Amand Honoré Désiré Barré (1834- 1922 ?)
Quaerens quem Devoret , précédemment intitulé « Demain ! »
Modèle créé en 1877
Fonte de fer monumentale à patine brune richement nuancée de rouge
Signé « A. BARRE » sur le côté de la terrasse
Porte la marque de la fonderie Antoine Durenne ‘A DURENNE SOMMEVOIRE’
H. 185 cm et dim. terrasse : 76 x 60 cm ;
poids : env.480 kg
Exposition :
- Le modèle en plâtre bronzé présenté au salon de 1879, sous le n°4780.
Littérature en rapport :
Musée du Vieux manoir -Pôle Muséal et des arts plastiques, Jeune fauve se découvrant les cornes,
Amand Honoré Barré, catalogue publié en ligne par Lisieux Normandie, communauté d’agglomération, ss d.

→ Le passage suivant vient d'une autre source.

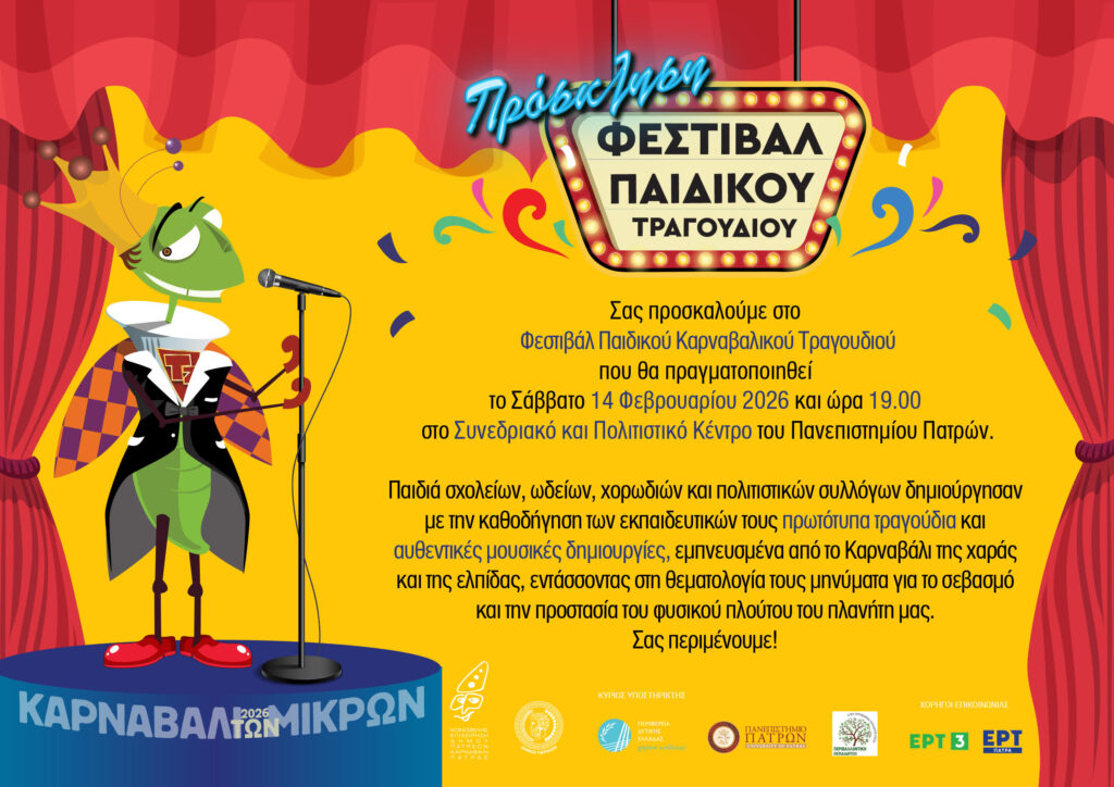 Αυτά τα πρωτότυπα τραγούδια και αυτές τις αυθεντικές μουσικές δημιουργίες μέσα από αιθέριες παιδικές φωνές θα πλημμυρίσουν το Σάββατο 14 Φεβρουαρίου στις 19.00 τη μεγάλη αίθουσα του Συνεδριακού και Πολιτιστικού Κέντρου του Πανεπιστημίου Πατρών όπου θα πραγματοποιηθεί το Φεστιβάλ Παιδικού Τραγουδιού 2026.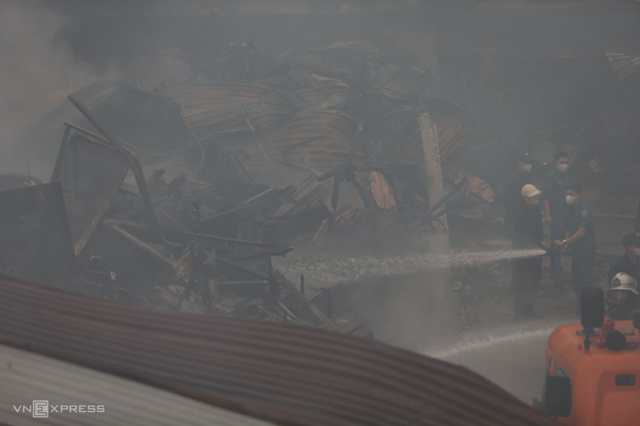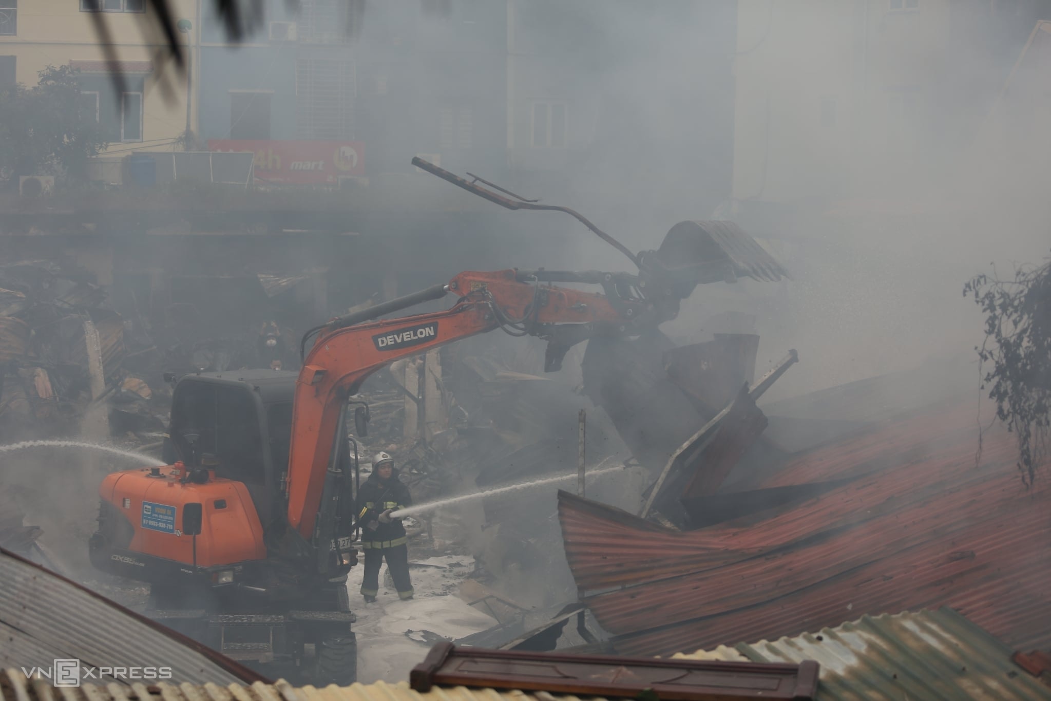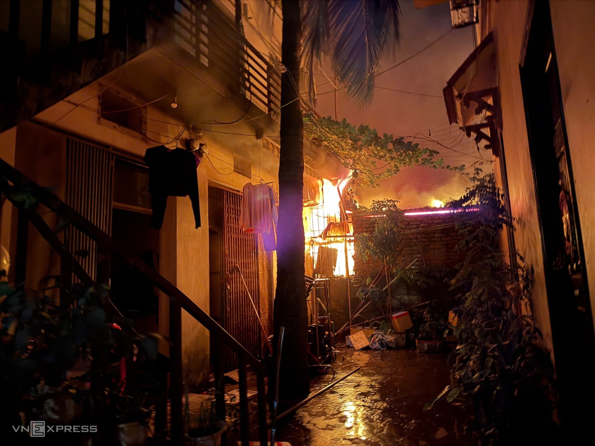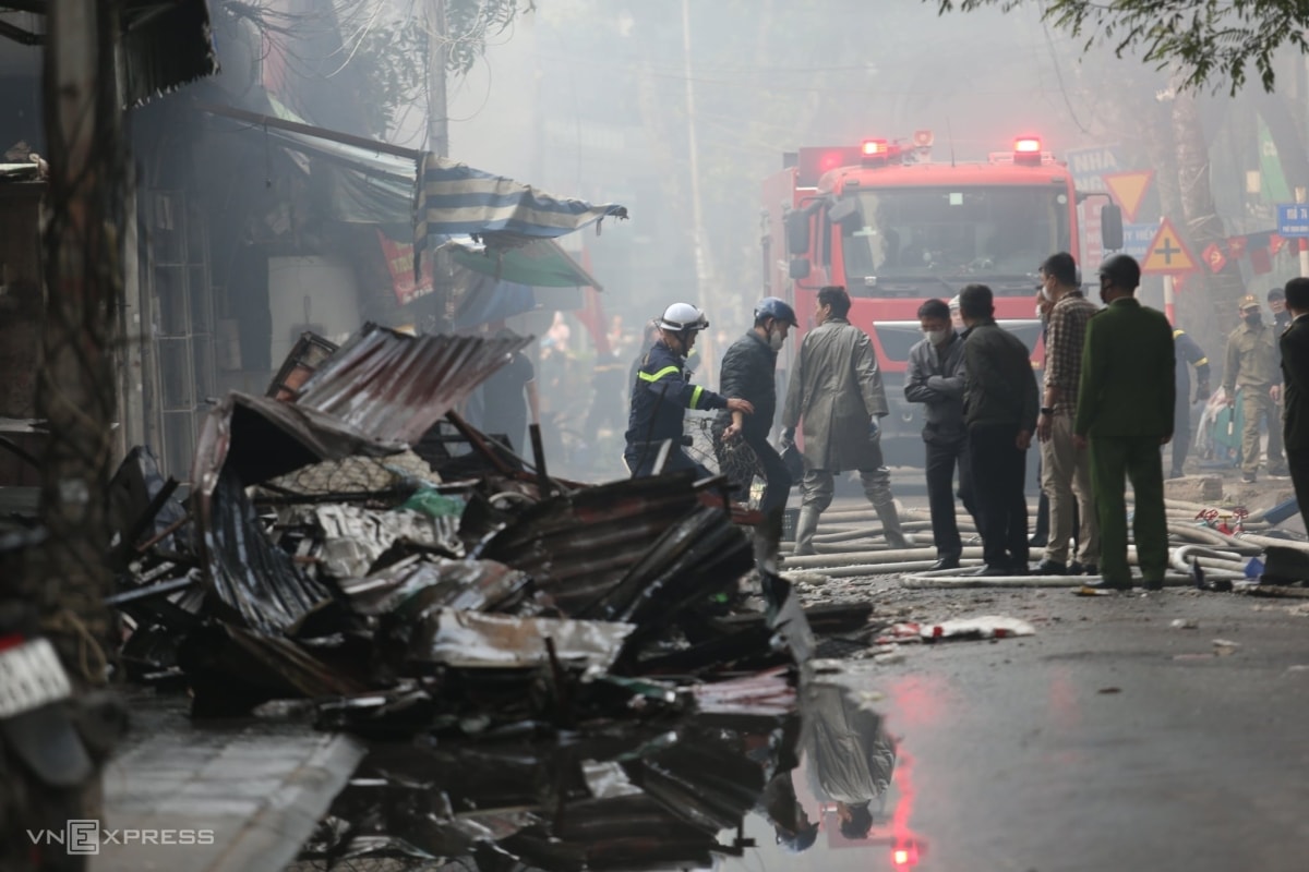Hỏa hoạn bùng phát khi trời chưa sáng, nhiều ki-ốt trong chợ Xanh Định Công bị lửa bao trùm, tiểu thương đứng bên ngoài bất lực nhìn tài sản tích cóp nhiều năm có nguy cơ mất trắng.

Présentée au Salon de 1879 dans sa version originale en plâtre, cette œuvre impressionnante de réalisme figurant un communard gracié revenant du bagne fait sensation. Le journalise du Petit
caporal publie le 2 juin 1879 dans sa brève « Choses du Jour » (p.1), son sentiment enthousiaste sur
le sujet :
« Le Sculpteur Barré a exposé une statue en plâtre bronzé devant laquelle la foule s’arrête étonnée.
C’est un communard qui revient de Nouméa. Jamais Callot n’a inventé de gueux plus sinistre, couvert
de haillons hyperboliques, laissant voir par leurs déchirures des muscles solides, le « gracié » s’avance menaçant, un bâton noueux à la main, l’œil plein de menaces ».: Quaerens quem devoret, a écrit l’artiste au base de sa statue, c’est peu rassurant. Lecteurs, mes amis, n’allez pas au Salon sans voir « celui qui nous dévorera ».
Dans son préambule, le journaliste rappelait d’ailleurs que l’œuvre a une dimension politique notoire. Son concepteur, Amand Honoré Désiré Barré est connu pour réaliser des œuvres engagées.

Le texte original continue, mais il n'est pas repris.